Dataset excerpts below:

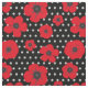 Motif rouge gras sur un arrière - plan pois noir et blanc. Design élégant, joli et contemporain.
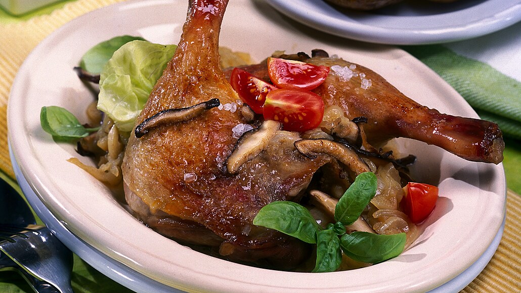 - Orestovanou cibuli s česnekem přendáme do pekáče a rozložíme na ně husí stehna. Vše podlijeme trochou drůbežího vývaru a vložíme do trouby. Stehna při 180 °C pečeme asi 60 minut. Během pečení přeléváme maso vypečenou šťávou. Pokud je to nutné, odebíráme z pekáče přebytečný tuk.
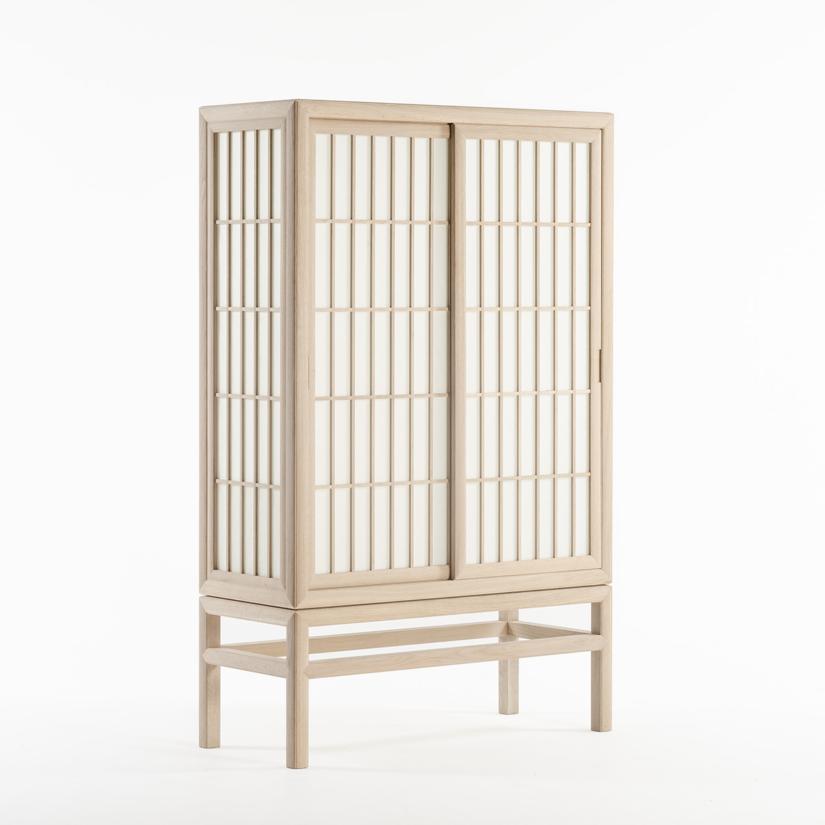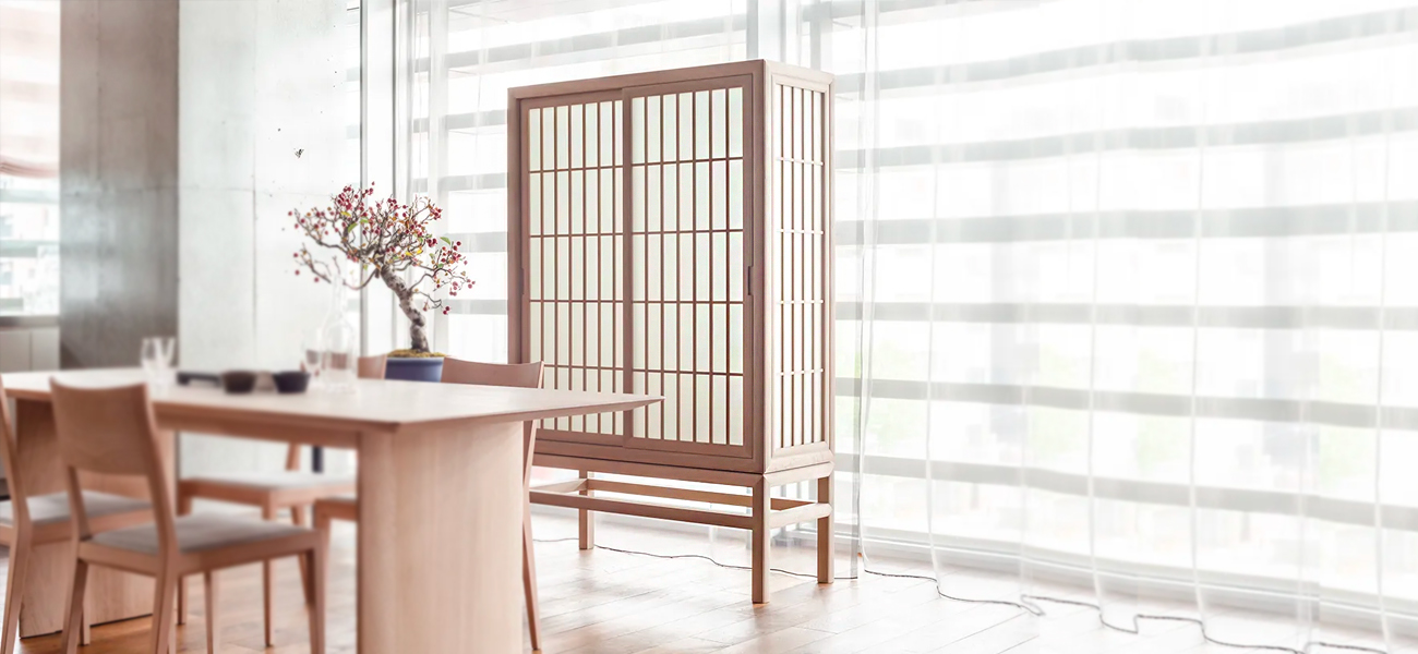 手漉き和紙は丈夫で風雨にも強く、夏の日には太陽の熱を和らげ、寒い冬の日には暖かな陽の光を通しながら冷たい風を遮ってくれます。住宅から姿を消しつつある障子の世界観をキャビネットという小さなスケールに縮小し、本物の素材を用いることで障子が持つ情緒的な雰囲気を表現しました。
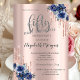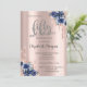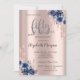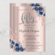 Glitter Drips Rose Gold Blue Flower 50th Birthday Invitation
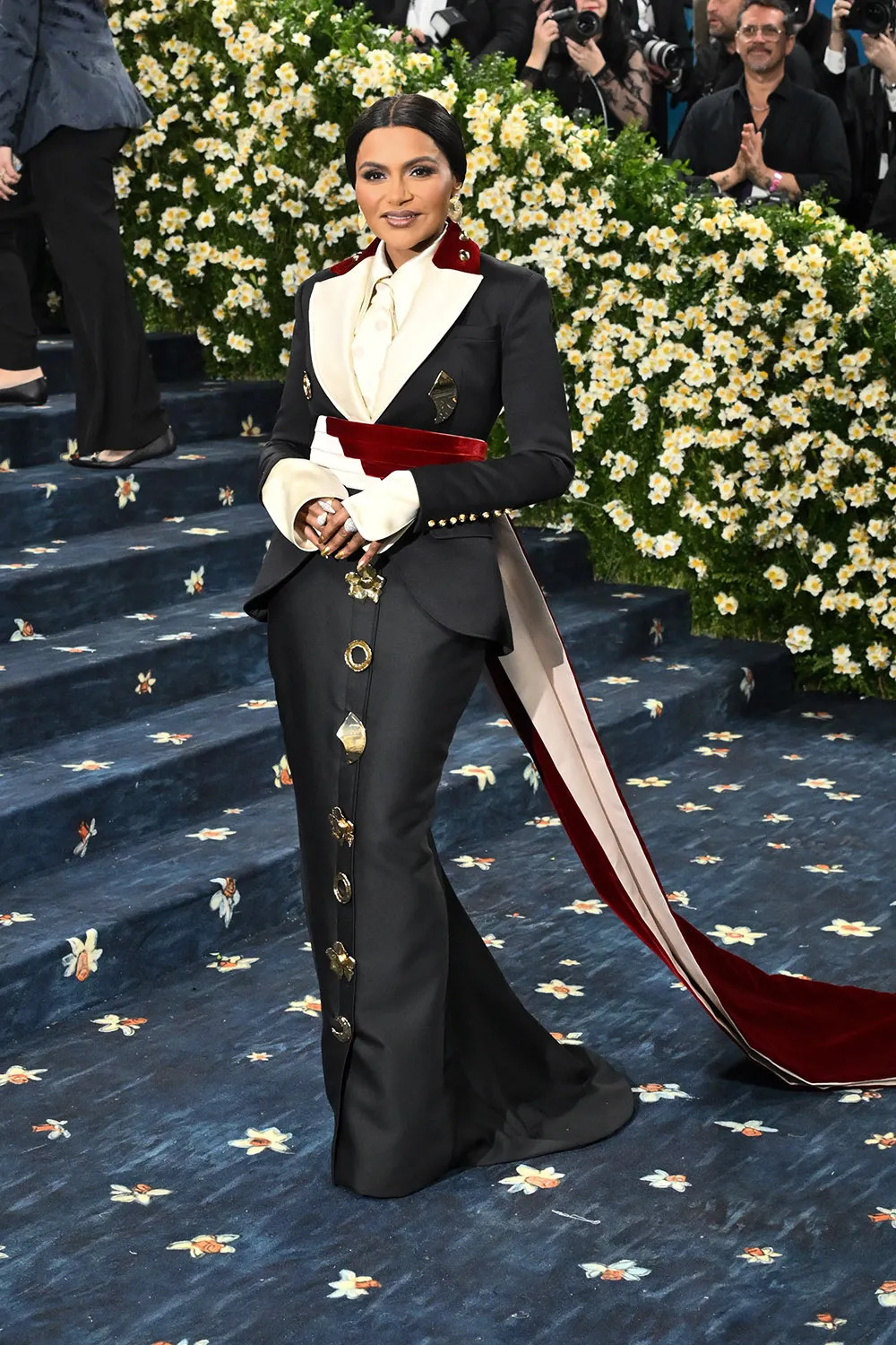 Fue la primera Met Gala de Tyler Perry, quien arribó en un Gray a su medida, además se mostró encantado de adoptar el código de vestimenta centrado en el dandismo, eligiendo una capa de seda con bordados de cristal sobre un esmoquin, ambos de Brandon Gray. El cineasta complementó su look con un reloj Richard Mille, gemelos de Jason of Beverly Hills, joyas de Sebastian Jaramillo y zapatos de Christian Louboutin.
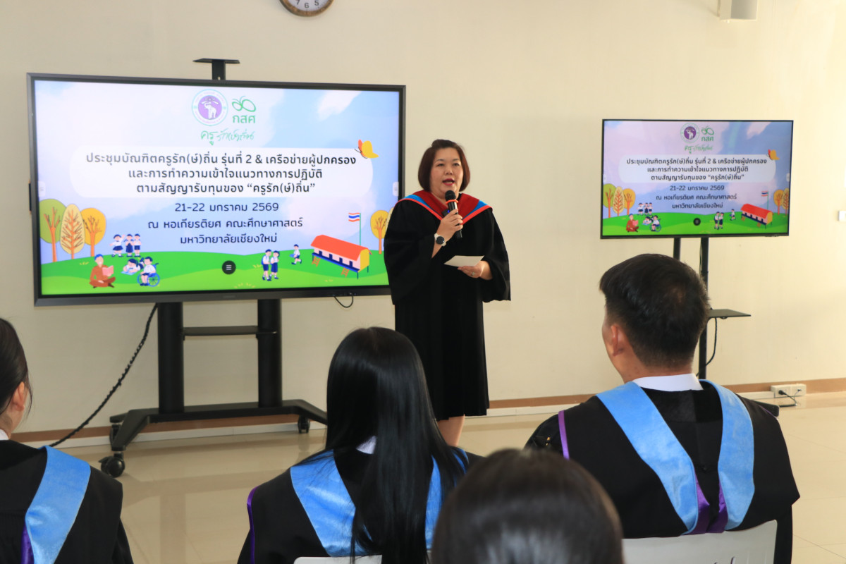 เมื่อวันที่ 22 มกราคม 2569 ผู้ช่วยศาสตราจารย์ ดร. ทิพย์รัตน์ นพฤทธิ์ คณบดีคณะศึกษาศาสตร์ พร้อมด้วยคณาจารย์สาขาวิชาประถมศึกษา คณะศึกษาศาสตร์ มหาวิทยาลัยเชียงใหม่ ให้การต้อนรับบัณฑิตครูรัก(ษ์)ถิ่น มหาวิทยาลัยเชียงใหม่ รุ่นที่ 2 และผู้ปกครอง ในโอกาสเข้าร่วมการประชุมเพื่อสร้างความเข้าใจเกี่ยวกับแนวทางปฏิบัติตามสัญญารับทุน ซึ่งจัดโดย กองทุนเพื่อความเสมอภาคทางการศึกษา (กสศ.) ณ หอเกียรติยศ (Hall of Fame) คณะศึกษาศาสตร์ มหาวิทยาลัยเชียงใหม่
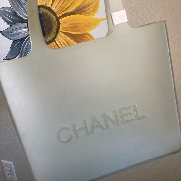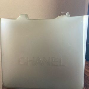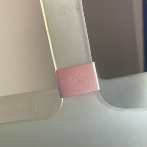 This is more of a frosted translucent finish. I put an LV Amarante colored wallet inside the bag to show. Measurements are shown in photos. It can work as a shoulder bag. Straps are just long enough for it. Some discoloration ontop of handles, but adds personality. Some specs on the inside bottom of bag. This is a beautiful vintage piece. I have bought too much from @bagriculture and need to let some pieces go.
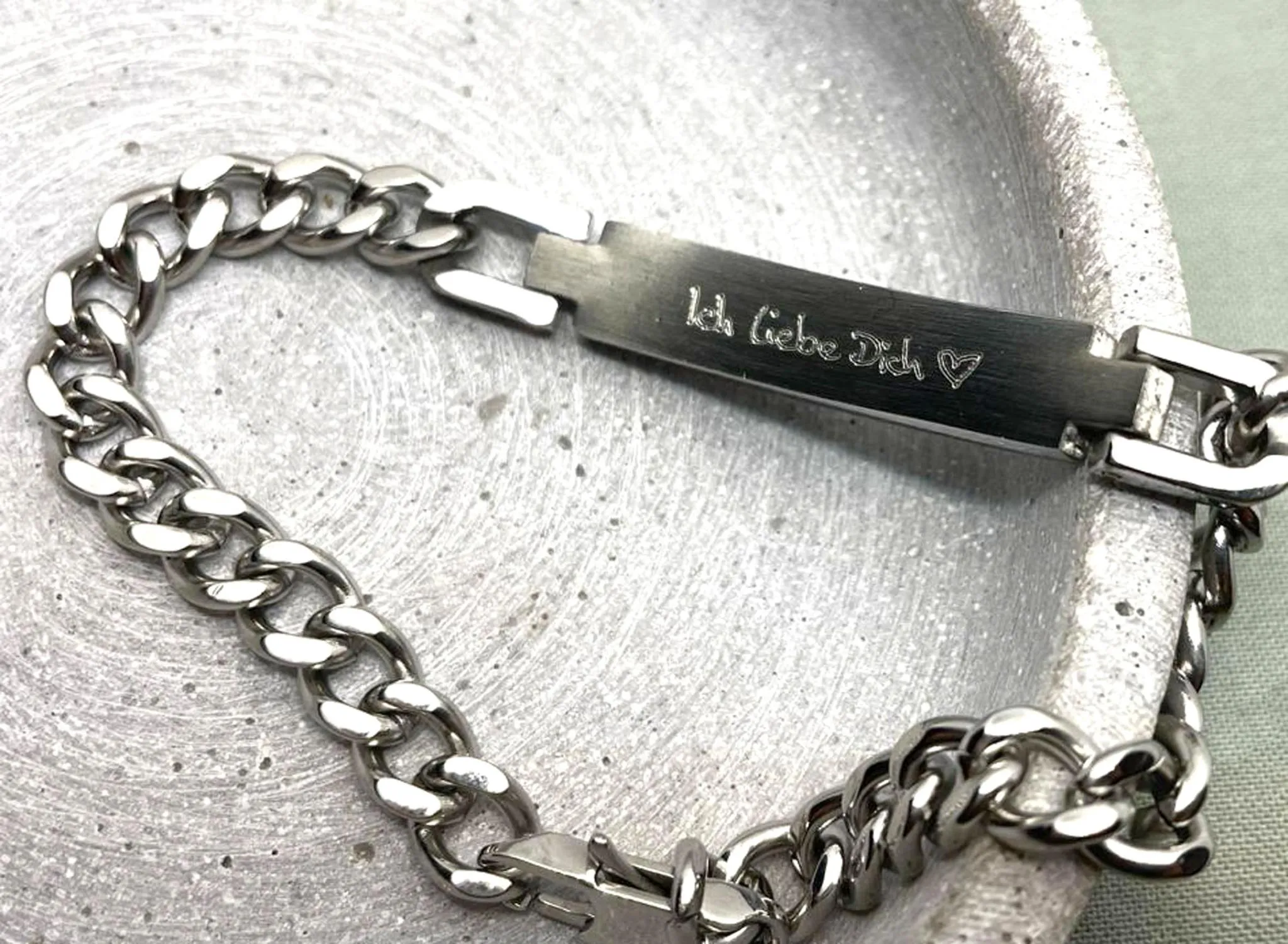 Dieses Armband wurde aus Titan gefertigt und ist somit auch für Allergiker geeignet. Das Schild kann mit einer individuellen Gravur versehen werden und es besteht auch die Möglichkeit, in zwei Zeilen zu gravieren. Dieses Armband ist in verschiedenen Farben erhältlich: Schwarz, Gold, Roségold und Silber. Das Armband eignet sich als Silber Armband für Herren.
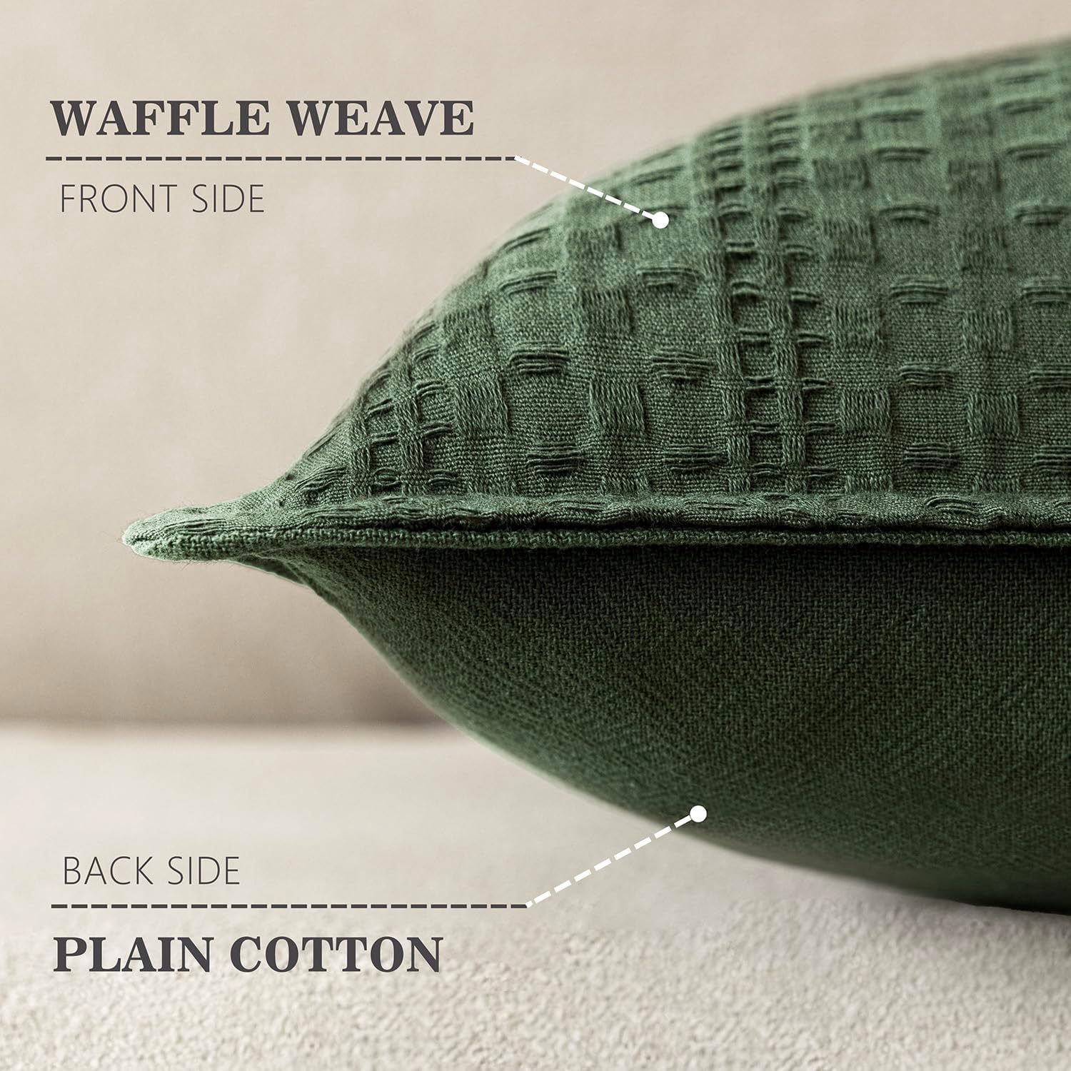 Foindtower Set of 2 Decorative Cotton Waffle Weave Throw Pillow Covers Euro Shams Cushion Covers Accent European Pillowcase for Bed Couch Sofa Bedroom Living Room Home Decor 18×18 Inch Dark Green
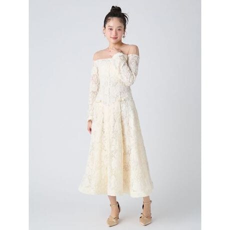 <b>【シアー×立体フラワーで魅せるツイルボンディングドレス】</b>

End of Dataset excerpts.

# Problem to solve
The records above need to be given again exactly. Omit the pictures.

# Solution below
 Motif rouge gras sur un arrière - plan pois noir et blanc. Design élégant, joli et contemporain.
 - Orestovanou cibuli s česnekem přendáme do pekáče a rozložíme na ně husí stehna. Vše podlijeme trochou drůbežího vývaru a vložíme do trouby. Stehna při 180 °C pečeme asi 60 minut. Během pečení přeléváme maso vypečenou šťávou. Pokud je to nutné, odebíráme z pekáče přebytečný tuk.
 手漉き和紙は丈夫で風雨にも強く、夏の日には太陽の熱を和らげ、寒い冬の日には暖かな陽の光を通しながら冷たい風を遮ってくれます。住宅から姿を消しつつある障子の世界観をキャビネットという小さなスケールに縮小し、本物の素材を用いることで障子が持つ情緒的な雰囲気を表現しました。
 Glitter Drips Rose Gold Blue Flower 50th Birthday Invitation
 Fue la primera Met Gala de Tyler Perry, quien arribó en un Gray a su medida, además se mostró encantado de adoptar el código de vestimenta centrado en el dandismo, eligiendo una capa de seda con bordados de cristal sobre un esmoquin, ambos de Brandon Gray. El cineasta complementó su look con un reloj Richard Mille, gemelos de Jason of Beverly Hills, joyas de Sebastian Jaramillo y zapatos de Christian Louboutin.
 เมื่อวันที่ 22 มกราคม 2569 ผู้ช่วยศาสตราจารย์ ดร. ทิพย์รัตน์ นพฤทธิ์ คณบดีคณะศึกษาศาสตร์ พร้อมด้วยคณาจารย์สาขาวิชาประถมศึกษา คณะศึกษาศาสตร์ มหาวิทยาลัยเชียงใหม่ ให้การต้อนรับบัณฑิตครูรัก(ษ์)ถิ่น มหาวิทยาลัยเชียงใหม่ รุ่นที่ 2 และผู้ปกครอง ในโอกาสเข้าร่วมการประชุมเพื่อสร้างความเข้าใจเกี่ยวกับแนวทางปฏิบัติตามสัญญารับทุน ซึ่งจัดโดย กองทุนเพื่อความเสมอภาคทางการศึกษา (กสศ.) ณ หอเกียรติยศ (Hall of Fame) คณะศึกษาศาสตร์ มหาวิทยาลัยเชียงใหม่
 This is more of a frosted translucent finish. I put an LV Amarante colored wallet inside the bag to show. Measurements are shown in photos. It can work as a shoulder bag. Straps are just long enough for it. Some discoloration ontop of handles, but adds personality. Some specs on the inside bottom of bag. This is a beautiful vintage piece. I have bought too much from @bagriculture and need to let some pieces go.
 Dieses Armband wurde aus Titan gefertigt und ist somit auch für Allergiker geeignet. Das Schild kann mit einer individuellen Gravur versehen werden und es besteht auch die Möglichkeit, in zwei Zeilen zu gravieren. Dieses Armband ist in verschiedenen Farben erhältlich: Schwarz, Gold, Roségold und Silber. Das Armband eignet sich als Silber Armband für Herren.
 Foindtower Set of 2 Decorative Cotton Waffle Weave Throw Pillow Covers Euro Shams Cushion Covers Accent European Pillowcase for Bed Couch Sofa Bedroom Living Room Home Decor 18×18 Inch Dark Green
 <b>【シアー×立体フラワーで魅せるツイルボンディングドレス】</b>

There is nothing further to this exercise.